4. Fingertip degeneration:
Most occur in the interphalangeal joints, nodules appear on the dorsal side of the joints, local joints have mild flexion deformity, joint soreness and pain, limited mobility, frictional sounds and joint swelling, often misdiagnosed as rheumatoid arthritis.
5. Heel bone spurs:
More common in the elderly, walking pain at the soles of the feet, heavy in the morning, light in the afternoon, the first step of getting out of bed is unbearable, when it is light and heavy.
1. Neck type:
The main complaint is head, neck and shoulder pain and other abnormal feelings, accompanied by corresponding tender points. It is characterized by stiff neck, discomfort, pain, and inflexible activity, which is also the most common type.
2. Nerve root type:
The patient's palm or arm is numb, painful, weak in grip, and sometimes feels incompetent even when holding the cup. When the condition is serious, it is difficult to fall asleep all night.
3. Vertebral artery type:
The patient's symptoms are migraine, dizziness, or chest tightness and chest pain. Each vertigo episode is related to the rotation of the neck.
4. Sympathetic type:
The clinical manifestations include dizziness, vertigo, tinnitus, hand numbness, tachycardia, and pain in the precordial area.
Cervical vertebrae hyperplasia symptoms:
Cervical vertebrae hyperplasia, light neck discomfort, soreness and pain; can be combined with spinal cord, vertebral artery, nerve root and other factors to become various types of cervical spondylosis, the corresponding clinical manifestations appear:
(1) Symptoms of nerve root type: pain in the back of the neck and shoulders and back, numbness of acupuncture or electric shock; limited neck activity, weak grip, finger movement, and difficulty in fine movement. I can't hold things.

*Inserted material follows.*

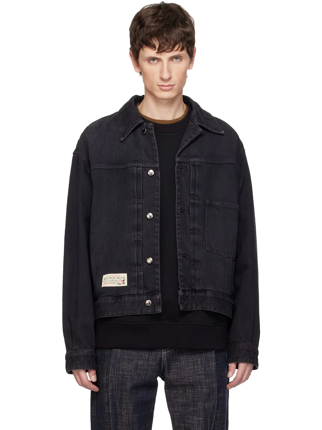 Non-stretch denim jacket. · Fading throughout · Spread collar · Button closure · Patch pocket at chest · Welt pockets and logo patch at front · Buttoned barrel cuffs · Logo hardware at back collar · Cinch strap at back · Logo patch at back hem Supplier color: Black 100% cotton. Made in South Korea 252704M177001

(2) spinal cord symptoms; this type is most likely to cause paralysis, mostly manifested as gait instability, walking heavy, feeling that the soles of the feet seem to step on the cotton, one or both sides of the upper limbs numb, hands weak, or easy to lose.
(3) Sympathetic symptoms: blurred vision, eyelid weakness, eye socket swelling and pain, tearing; tachycardia or slowness, high pain in the precordial area and high blood pressure, limbs are cold, body temperature drops. In case of cold limbs, there is a sense of acupuncture, and then redness or pain is aggravated; head, face and neck may also cause numbness or pain, tinnitus, deafness, numbness of the tongue and the like.
(4) vertebral artery type symptoms: headache, dizziness, cerebral ischemia; when the head turns to a certain orientation, it is dizziness, nausea, vomiting, tinnitus, deafness, unclear vision, etc.; sudden limb numbness, abnormal feeling, weakness Or suddenly fell and so on.
For patients with cervical spondylosis caused by bone hyperplasia, due to the narrowing of the spinal canal, the spinal nerves and cerebral arteries in the tube are compressed for a long time, causing nerve conduction and blood flow to be blocked, causing long-term blood supply to the brain, malnutrition, and gradual Atrophy, necrosis, senile dementia, and eventually become "vegetarians."